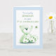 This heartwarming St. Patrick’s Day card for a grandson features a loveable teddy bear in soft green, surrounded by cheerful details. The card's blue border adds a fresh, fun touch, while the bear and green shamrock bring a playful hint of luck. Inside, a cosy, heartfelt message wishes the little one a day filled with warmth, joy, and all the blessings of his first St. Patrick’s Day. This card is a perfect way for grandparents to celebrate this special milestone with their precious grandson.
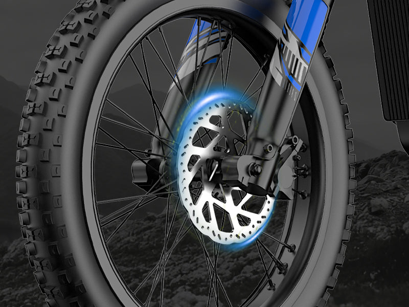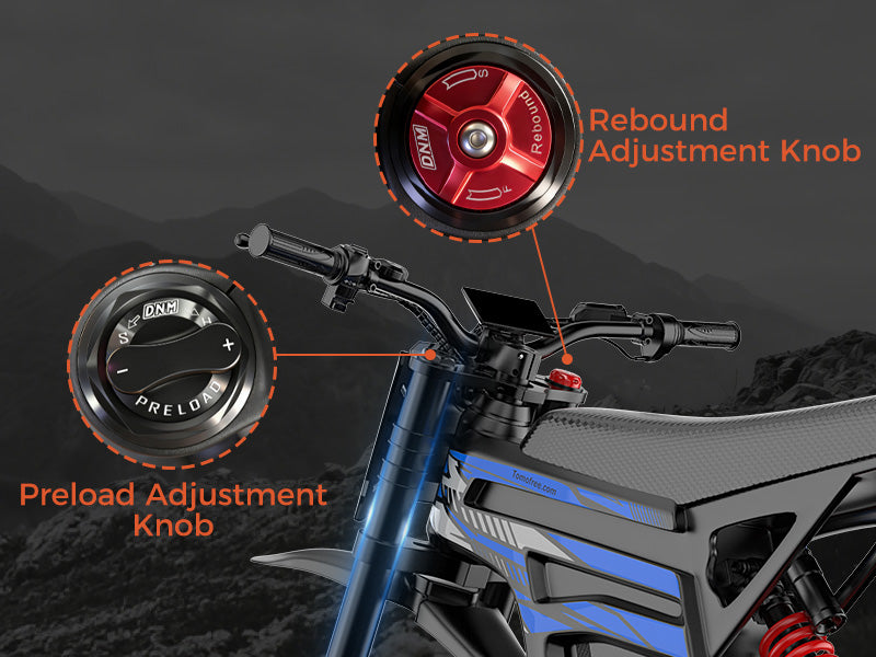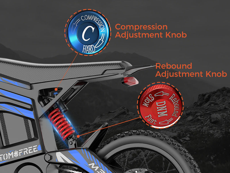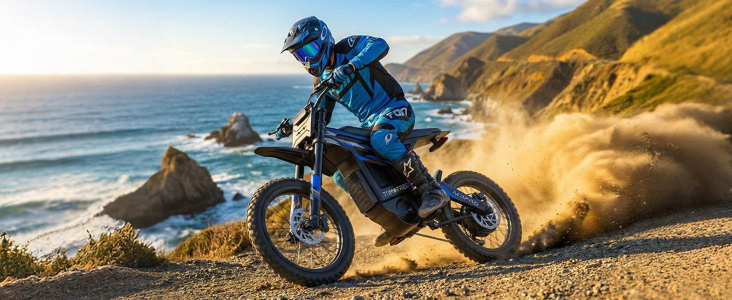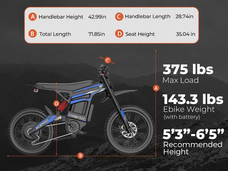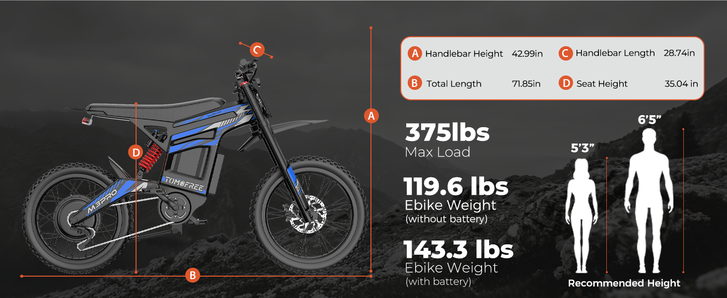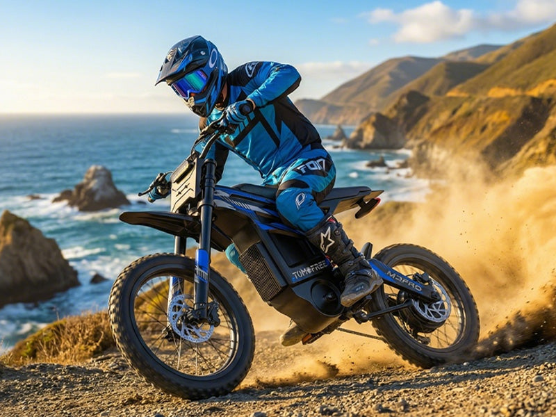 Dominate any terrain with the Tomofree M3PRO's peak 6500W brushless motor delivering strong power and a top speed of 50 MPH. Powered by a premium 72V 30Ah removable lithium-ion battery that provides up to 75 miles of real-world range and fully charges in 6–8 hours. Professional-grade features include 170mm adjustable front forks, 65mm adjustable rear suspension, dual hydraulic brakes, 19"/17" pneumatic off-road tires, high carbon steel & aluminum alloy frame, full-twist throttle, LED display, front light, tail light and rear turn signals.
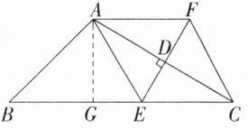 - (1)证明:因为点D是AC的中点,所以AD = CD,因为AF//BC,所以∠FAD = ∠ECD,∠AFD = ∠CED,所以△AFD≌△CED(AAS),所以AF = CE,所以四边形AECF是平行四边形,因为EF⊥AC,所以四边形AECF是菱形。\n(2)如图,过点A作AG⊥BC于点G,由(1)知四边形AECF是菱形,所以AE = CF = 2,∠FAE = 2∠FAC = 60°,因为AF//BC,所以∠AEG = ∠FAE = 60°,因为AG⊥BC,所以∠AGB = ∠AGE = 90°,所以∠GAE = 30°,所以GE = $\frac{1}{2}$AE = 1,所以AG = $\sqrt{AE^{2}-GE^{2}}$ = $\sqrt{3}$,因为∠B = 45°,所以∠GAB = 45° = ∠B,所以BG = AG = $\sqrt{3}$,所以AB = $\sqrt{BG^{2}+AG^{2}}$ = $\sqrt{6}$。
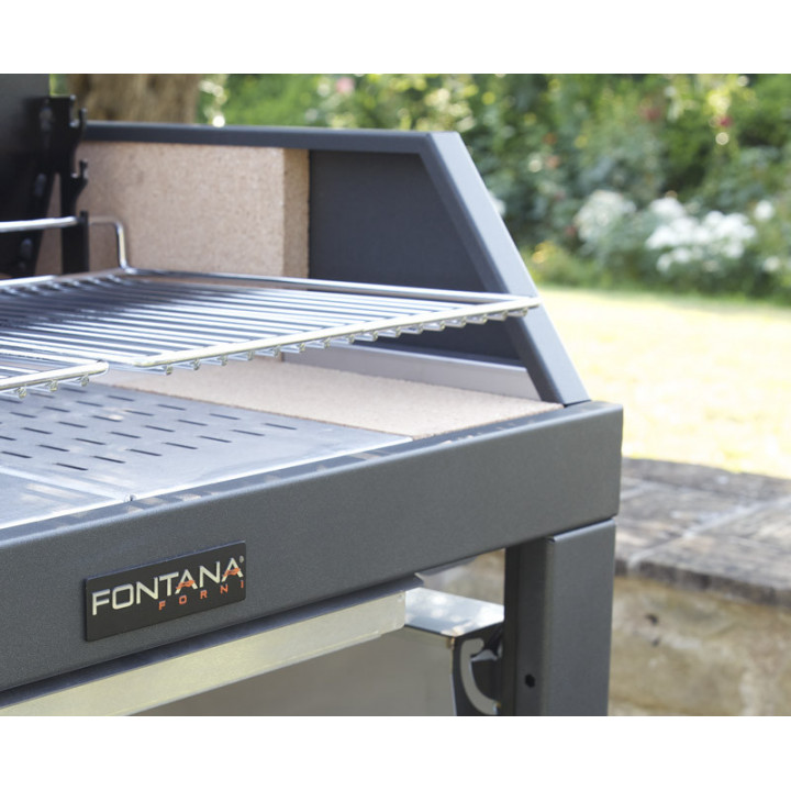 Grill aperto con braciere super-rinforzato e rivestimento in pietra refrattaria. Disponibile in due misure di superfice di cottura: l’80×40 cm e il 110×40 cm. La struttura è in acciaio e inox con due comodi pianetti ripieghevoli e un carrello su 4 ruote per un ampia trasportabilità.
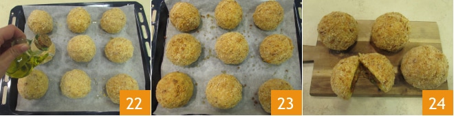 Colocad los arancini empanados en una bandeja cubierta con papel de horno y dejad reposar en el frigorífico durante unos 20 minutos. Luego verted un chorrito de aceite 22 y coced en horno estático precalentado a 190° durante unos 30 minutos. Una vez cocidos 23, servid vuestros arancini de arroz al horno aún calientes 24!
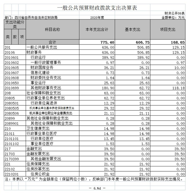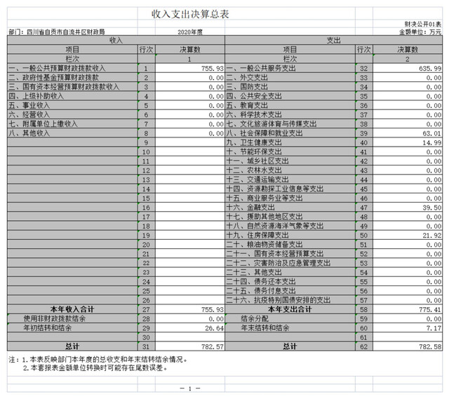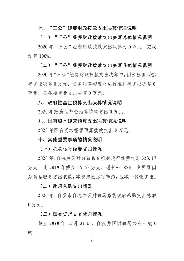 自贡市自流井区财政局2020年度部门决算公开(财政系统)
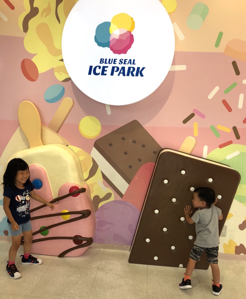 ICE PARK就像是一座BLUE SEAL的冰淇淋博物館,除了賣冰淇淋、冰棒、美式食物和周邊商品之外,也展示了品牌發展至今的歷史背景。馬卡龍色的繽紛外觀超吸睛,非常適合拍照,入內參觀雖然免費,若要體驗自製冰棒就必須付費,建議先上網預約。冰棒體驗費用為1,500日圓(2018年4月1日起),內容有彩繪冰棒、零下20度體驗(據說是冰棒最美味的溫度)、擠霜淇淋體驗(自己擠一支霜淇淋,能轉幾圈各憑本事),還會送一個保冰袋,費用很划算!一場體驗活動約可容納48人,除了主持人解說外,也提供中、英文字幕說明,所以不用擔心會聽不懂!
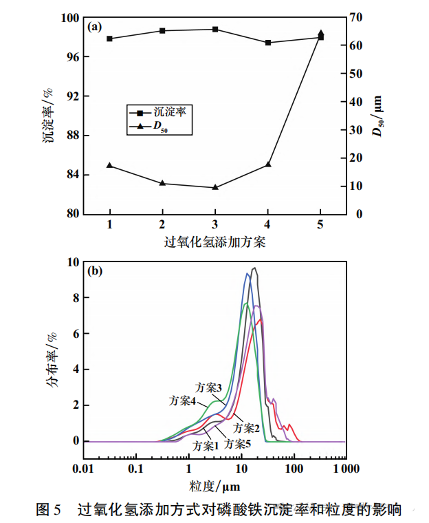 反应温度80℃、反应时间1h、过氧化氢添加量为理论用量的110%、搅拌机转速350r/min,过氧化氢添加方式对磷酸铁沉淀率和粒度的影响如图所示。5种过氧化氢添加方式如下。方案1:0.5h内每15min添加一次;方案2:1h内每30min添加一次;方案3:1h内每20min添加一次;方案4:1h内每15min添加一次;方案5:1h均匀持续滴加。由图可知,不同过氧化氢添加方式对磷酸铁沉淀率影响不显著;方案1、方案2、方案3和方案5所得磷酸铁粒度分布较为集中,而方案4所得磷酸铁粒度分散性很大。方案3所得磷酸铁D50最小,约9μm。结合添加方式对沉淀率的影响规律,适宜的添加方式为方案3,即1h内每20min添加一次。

--------

Description of the task
Before copying the data, remove the pictures. Then repeat the rest exactly.

Result
 This heartwarming St. Patrick’s Day card for a grandson features a loveable teddy bear in soft green, surrounded by cheerful details. The card's blue border adds a fresh, fun touch, while the bear and green shamrock bring a playful hint of luck. Inside, a cosy, heartfelt message wishes the little one a day filled with warmth, joy, and all the blessings of his first St. Patrick’s Day. This card is a perfect way for grandparents to celebrate this special milestone with their precious grandson.
 Dominate any terrain with the Tomofree M3PRO's peak 6500W brushless motor delivering strong power and a top speed of 50 MPH. Powered by a premium 72V 30Ah removable lithium-ion battery that provides up to 75 miles of real-world range and fully charges in 6–8 hours. Professional-grade features include 170mm adjustable front forks, 65mm adjustable rear suspension, dual hydraulic brakes, 19"/17" pneumatic off-road tires, high carbon steel & aluminum alloy frame, full-twist throttle, LED display, front light, tail light and rear turn signals.
 - (1)证明:因为点D是AC的中点,所以AD = CD,因为AF//BC,所以∠FAD = ∠ECD,∠AFD = ∠CED,所以△AFD≌△CED(AAS),所以AF = CE,所以四边形AECF是平行四边形,因为EF⊥AC,所以四边形AECF是菱形。\n(2)如图,过点A作AG⊥BC于点G,由(1)知四边形AECF是菱形,所以AE = CF = 2,∠FAE = 2∠FAC = 60°,因为AF//BC,所以∠AEG = ∠FAE = 60°,因为AG⊥BC,所以∠AGB = ∠AGE = 90°,所以∠GAE = 30°,所以GE = $\frac{1}{2}$AE = 1,所以AG = $\sqrt{AE^{2}-GE^{2}}$ = $\sqrt{3}$,因为∠B = 45°,所以∠GAB = 45° = ∠B,所以BG = AG = $\sqrt{3}$,所以AB = $\sqrt{BG^{2}+AG^{2}}$ = $\sqrt{6}$。
 Grill aperto con braciere super-rinforzato e rivestimento in pietra refrattaria. Disponibile in due misure di superfice di cottura: l’80×40 cm e il 110×40 cm. La struttura è in acciaio e inox con due comodi pianetti ripieghevoli e un carrello su 4 ruote per un ampia trasportabilità.
 Colocad los arancini empanados en una bandeja cubierta con papel de horno y dejad reposar en el frigorífico durante unos 20 minutos. Luego verted un chorrito de aceite 22 y coced en horno estático precalentado a 190° durante unos 30 minutos. Una vez cocidos 23, servid vuestros arancini de arroz al horno aún calientes 24!
 自贡市自流井区财政局2020年度部门决算公开(财政系统)
 ICE PARK就像是一座BLUE SEAL的冰淇淋博物館,除了賣冰淇淋、冰棒、美式食物和周邊商品之外,也展示了品牌發展至今的歷史背景。馬卡龍色的繽紛外觀超吸睛,非常適合拍照,入內參觀雖然免費,若要體驗自製冰棒就必須付費,建議先上網預約。冰棒體驗費用為1,500日圓(2018年4月1日起),內容有彩繪冰棒、零下20度體驗(據說是冰棒最美味的溫度)、擠霜淇淋體驗(自己擠一支霜淇淋,能轉幾圈各憑本事),還會送一個保冰袋,費用很划算!一場體驗活動約可容納48人,除了主持人解說外,也提供中、英文字幕說明,所以不用擔心會聽不懂!
 反应温度80℃、反应时间1h、过氧化氢添加量为理论用量的110%、搅拌机转速350r/min,过氧化氢添加方式对磷酸铁沉淀率和粒度的影响如图所示。5种过氧化氢添加方式如下。方案1:0.5h内每15min添加一次;方案2:1h内每30min添加一次;方案3:1h内每20min添加一次;方案4:1h内每15min添加一次;方案5:1h均匀持续滴加。由图可知,不同过氧化氢添加方式对磷酸铁沉淀率影响不显著;方案1、方案2、方案3和方案5所得磷酸铁粒度分布较为集中,而方案4所得磷酸铁粒度分散性很大。方案3所得磷酸铁D50最小,约9μm。结合添加方式对沉淀率的影响规律,适宜的添加方式为方案3,即1h内每20min添加一次。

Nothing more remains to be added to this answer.